Creating a dataset from an existing dataset

Use the following procedure to create a dataset from an existing dataset.

To create a dataset from an existing dataset
  1. From the QuickSight start page, choose Datasets in the pane at left.

  2. On the Datasets page, choose the dataset that you want to use to create a new dataset.

  3. On the page that opens for that dataset, choose the drop-down menu for Use in analysis, and then choose Use in dataset.

    Use in a dataset.

    The data preparation page opens and preloads everything from the parent dataset, including calculated fields, joins, and security settings.

  4. On the data preparation page that opens, for Query mode at bottom left, choose how you want the dataset to pull in changes and updates from the original, parent dataset. You can choose the following options:

    • Direct query – This is the default query mode. If you choose this option, the data for this dataset automatically refreshes when you open an associated dataset, analysis, or dashboard. However, the following limitations apply:

      • If the parent dataset allows direct querying, you can use direct query mode in the child dataset.
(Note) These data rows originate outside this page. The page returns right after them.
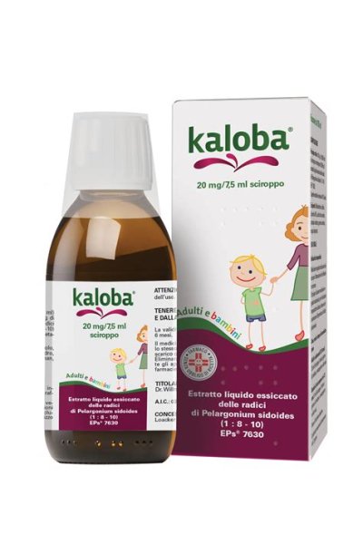 PosologiaPosologia Adulti e adolescenti di età superiore ai 12 anni: 7,5 ml di sciroppo (corrispondenti a 20 mg di estratto di pelargonio) 3 volte al giorno. Bambini di età superiore ai 6 anni: 5 ml di sciroppo (corrispondenti a circa 13 mg di estratto di pelargonio) 3 volte al giorno. La durata massima del trattamento è di 7 giorni. Popolazioni speciali Non sono disponibili informazioni su pazienti con compromissione epatica e renale. Popolazione pediatrica La sicurezza e l’efficacia di KALOBA nei bambini di età inferiore ai 6 anni non sono state ancora stabilite. Modo di somministrazione Il bicchiere dosatore annesso alla confezione presenta diversi segni di taratura. Lo sciroppo può essere bevuto direttamente dal dosatore o trasferito su un cucchiaio.
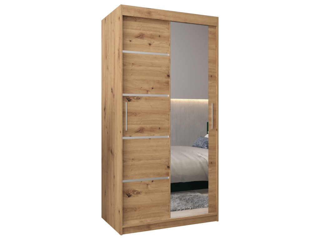 Artisan tölgy színű tükrös ALYXIA II 100/200 tolóajtós ruhásszekrény, amely minőségi 16 mm vastag laminált bútorlapból (DTD) készül, amely ellenálló a karcolásokkal, a nedvességgel és a magas hőmérséklettel szemben. A szekrény szélei ABS élzárással vannak biztosítva. Az ajtók kényelmes kinyitását és becsukását a ,,BIMAK” tolóajtó rendszer biztosítja (fémsíneken). A szekrény bal oldalán a két akasztórúd elegendő tároló helyet biztosít, a jobb oldalon lévő négy polc pedig áttekinthetővé teszi a ruhákat. A modern gardróbszekrény tökéletes választás a hálószobába, a folyosóra vagy az előszobába is.
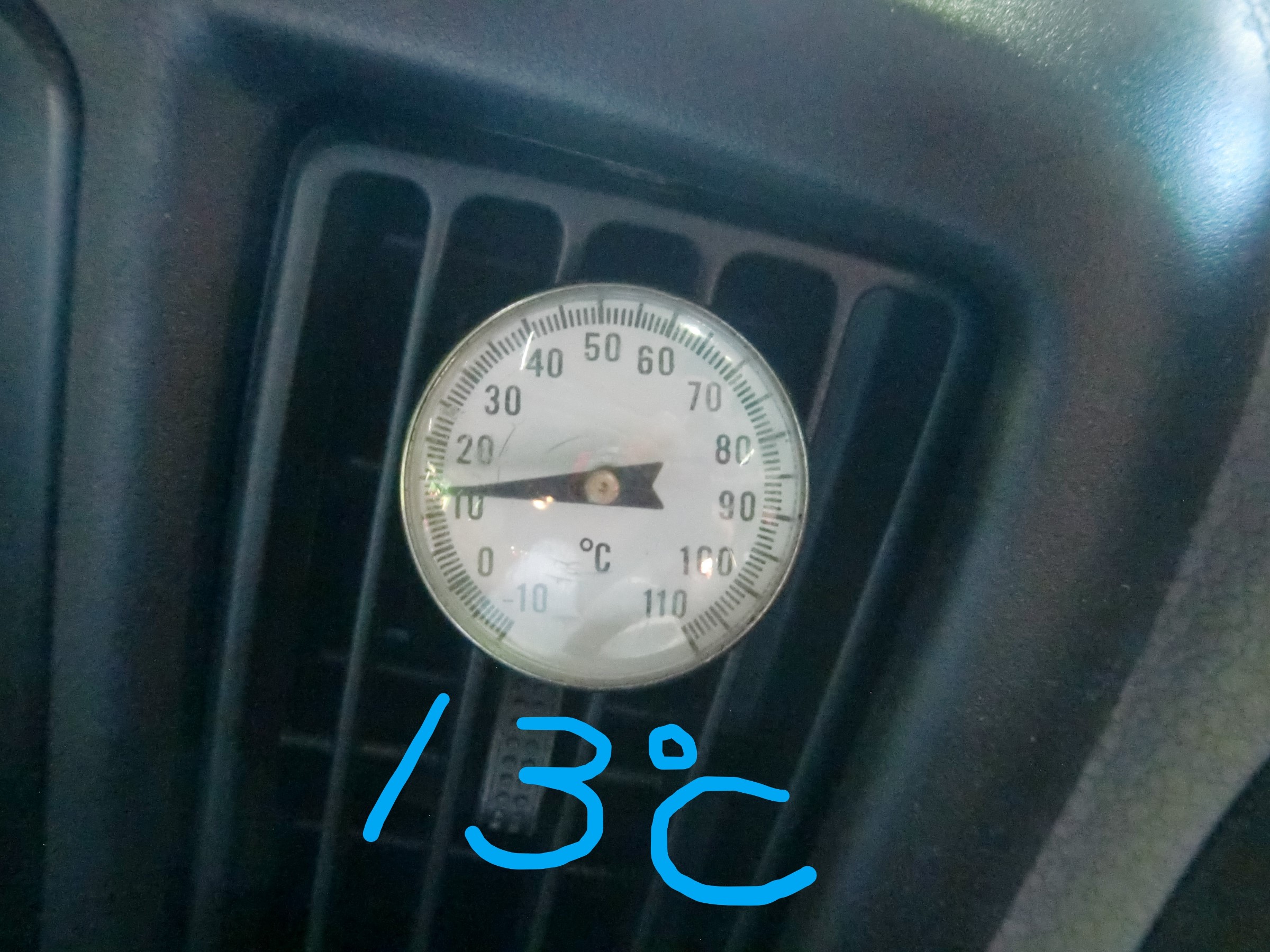 正常なガス量を補充されたミライースは13℃の冷風を出してくれるようになりましたっ!!ヽ(゚∀゚)メ(゚∀゚)ノ これで夏も怖くないっ!!
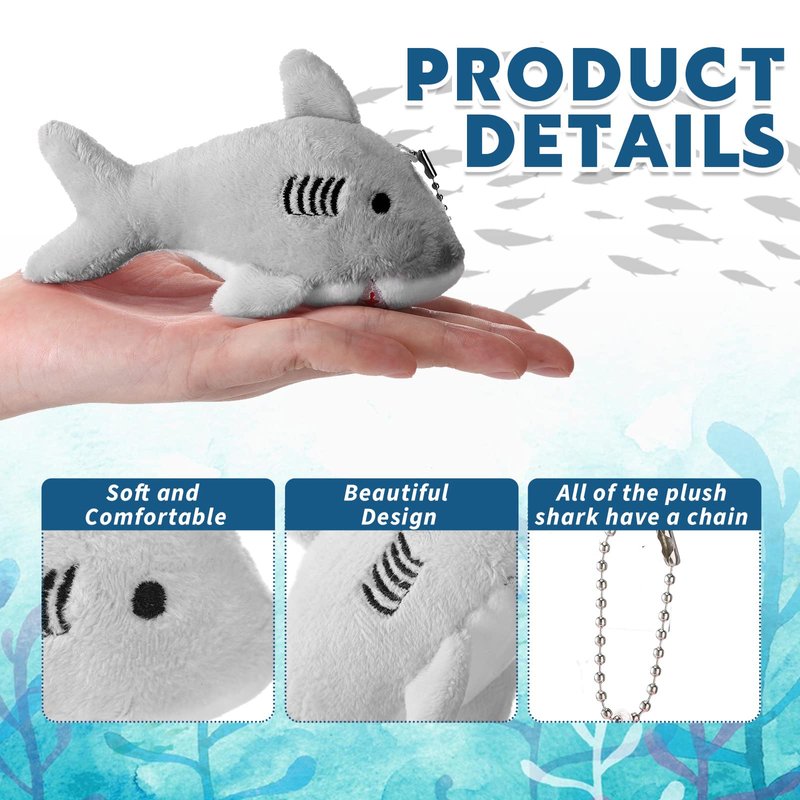 - Portable Size: each mini shark plush keychain is about 10 cm/ 3.94 inches in length, tiny and portable, which is convenient to carry; With a chain on the top of the mini shark figure, it can be clipped onto zipper pulls, key rings, handbags and more
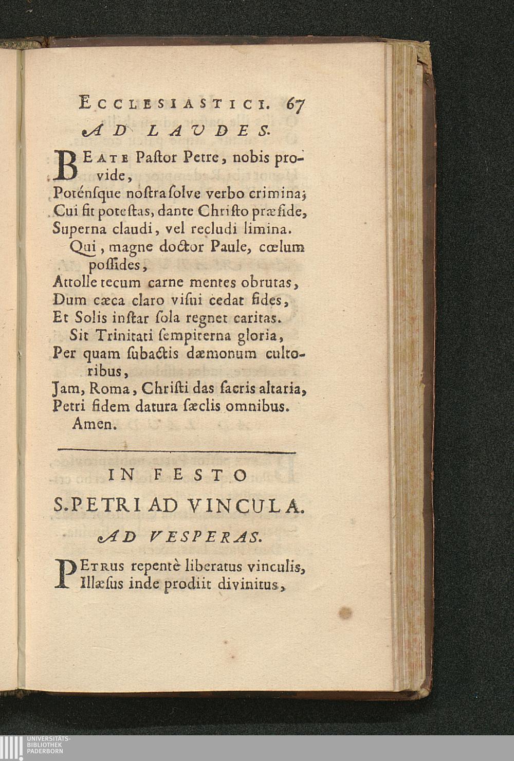 In Festo S. Petri Ad Vincula.
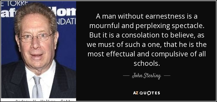 A man without earnestness is a mournful and perplexing spectacle. But it is a consolation to believe, as we must of such a one, that he is the most effectual and compulsive of all schools.
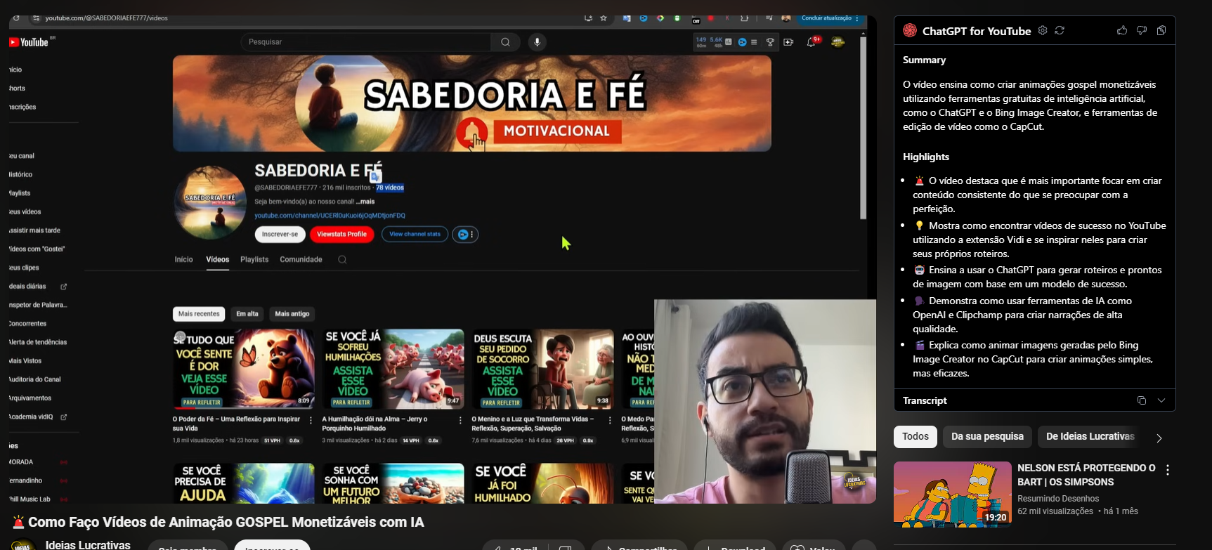 atualização ChatGPT for YouTube YouTube Summary horts SABEDORIA E FÉ O vídeo ensina como criar animações gospel monetizáveis utilizando ferramentas gratuitas de inteligência artificial. como ChatGPT e Bing Image Creator. e ferramentas de MOTIVACIONAL edição de vídeo como CapCut eu canal Highlights listórico SABEDORIA E O vídeo destaca que é mais importante focar em criar @SABEDORIAEFE777 216 mil videos Playlists conteúdo consistente do que se preocupar com a Seja bem ao nosso videos perfeição. youtube mais tarde Mostra como encontrar vídeos de sucesso no YouTube Inscrever-se Viewstats Profile View channel stats utilizando a extensão Vidi e se inspirar neles para criar com Videos Playlists Comunidade seus próprios roteiros. eus clipes Ensina a usar ChatGPT para gerar roteiros e prontos deais diárias de imagem com base em um modelo de sucesso. de Demonstra como usar ferramentas de IA como Mais recentes Em alta Mais antigo OpenAl e Clipchamp para criar narrações de alta Concorrentes SE VOCÊ JÁ qualidade. de tendências TUDO QUE DEUS ESCUTA AO OUV SOFREU VOCÊ SENTE SEU PEDIDO Explica como animar imagens geradas pelo Bing Mais Vistos HUMILHAÇÕES DE SOCORRO NÃO É DOR Image Creator no CapCut para criar animações simples, ASSISTA ASSISTA MED Auditoria do Canal VEJA ESSE mas eficazes. ESSE ESSE DE VIDEO VIDEO Arquivamentos PARA REFLETIR PARA REFLETIR PARA REFLETIR PARA Transcript Academia Poder da Fé Uma Reflexão para Inspiran A Humilhação na Alma Jerry Menino Luz que Transforma Vidas Medo sua Vida Porquinho Humilhado Reflexão, Superação Salvação visualizações 23 horas mil visualizações dias visualizações Todos Da sua pesquisa De Ideias Lucrativas ies MORADA SE VOCÊ SE VOCÊ SE VOCÊ NELSON ESTÁ PROTEGENDO ernandinho SONHA COM SE V PRECISA DE BART I os SIMPSONS Music AJUDA UM FUTURO SENTE O MELHOR HUMILHADO VE Resumindo Desenhos 62 mil visualizações há 1 mês Como Faço Vídeos de Animação GOSPEL Monetizáveis com IA 19:20 Ideias Lucrativas N

      • If you have multiple parent datasets in a join, you can choose direct query mode for your child dataset only if all the parents are from the same underlying data source. For example, the same Amazon Redshift connection.

      • Direct query is supported for a single SPICE parent dataset. It is not supported for multiple SPICE parent datasets in a join.

    • SPICE – If you choose this option, you can set up a schedule for your new dataset to sync with the parent dataset. For more information about creating SPICE refresh schedules for datasets, see Refreshing SPICE data.

  5. (Optional) Prepare your data for analysis. For more information about preparing data, see Preparing data in Amazon QuickSight.

  6. (Optional) Set up row-level or column-level security (RLS/CLS) to restrict access to the dataset. For more information about setting up RLS, see Using row-level security (RLS) with user-based rules to restrict access to a dataset. For more information about setting up CLS, see Using column-level security (CLS) to restrict access to a dataset.


    You can set up RLS/CLS on child datasets only. RLS/CLS on parent datasets is not supported.

  7. When you're finished, choose Save & publish to save your changes and publish the new child dataset. Or choose Publish & visualize to publish the new child dataset and begin visualizing your data.